Modern-day movie theater annoyances that necessitate pre-film and on-screen warnings generally refer to turning off cell phones. In the early days of cinema, the big offenders were less technical but equally obtrusive: ladies’ hats. The Library of Congress has a collection of slides from old movie theaters in the early 1900s with “movie etiquette” suggestions like “Applaud with hands only” and “If annoyed when here please tell the management.” Or, for women with towering headgear, “Madam how would you like to sit behind the hat you’re wearing.”
Palmistry is the practice of studying someone’s hands as a way to interpret the person’s personality. Palmist Nellie Simmons Meier examined the hand prints of famed aviator Amelia Earhart, the first woman to fly solo across the Atlantic, in 1933 – four years before Earhart mysteriously disappeared during a flight over the Pacific Ocean.

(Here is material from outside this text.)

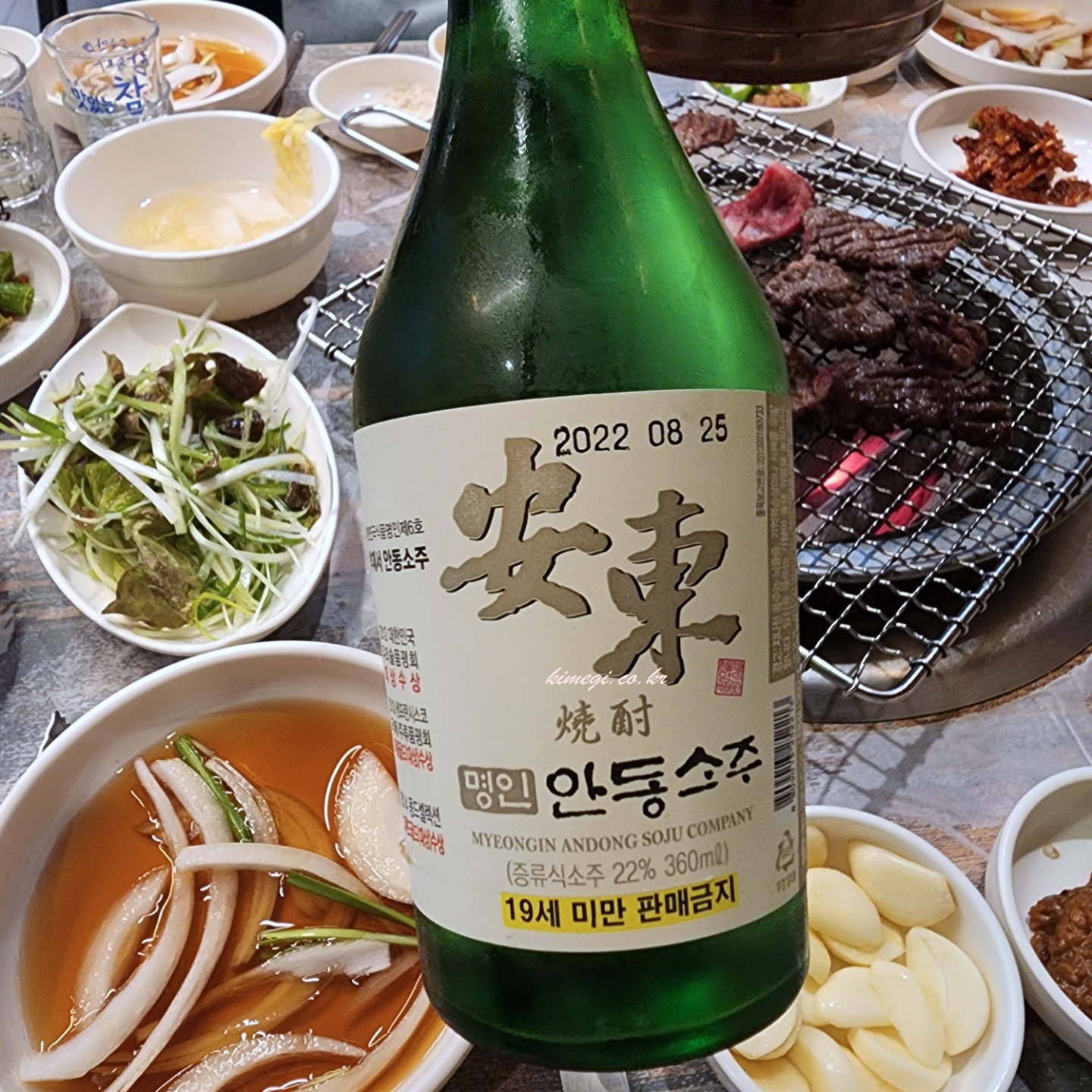 안동에 왔으니 안동소주도 주문해 주었어요. 명인 안동소주인데 가격도 적당하고 깔끔하고 맛있었습니다. 한우와 함께 안동소주도 먹고 진짜 푸짐한 여행 저녁이었어요. 점심부터 안동갈비, 국밥, 배추전 등 엄청 먹었는데도 너무 맛있어서 배불러도 계속 들어가더라고요.

In Meier's book Lions’ Paws: The Story of Famous Hands (the book’s original prints and character analyses were donated to the Library of Congress), she wrote the following about Earheart:
The length of the palm indicates the love of physical activity, but the restraining influence shown by the length of the fingers, indicative of carefulness in detail, enables her to make careful preparation toward accomplishing a definite goal.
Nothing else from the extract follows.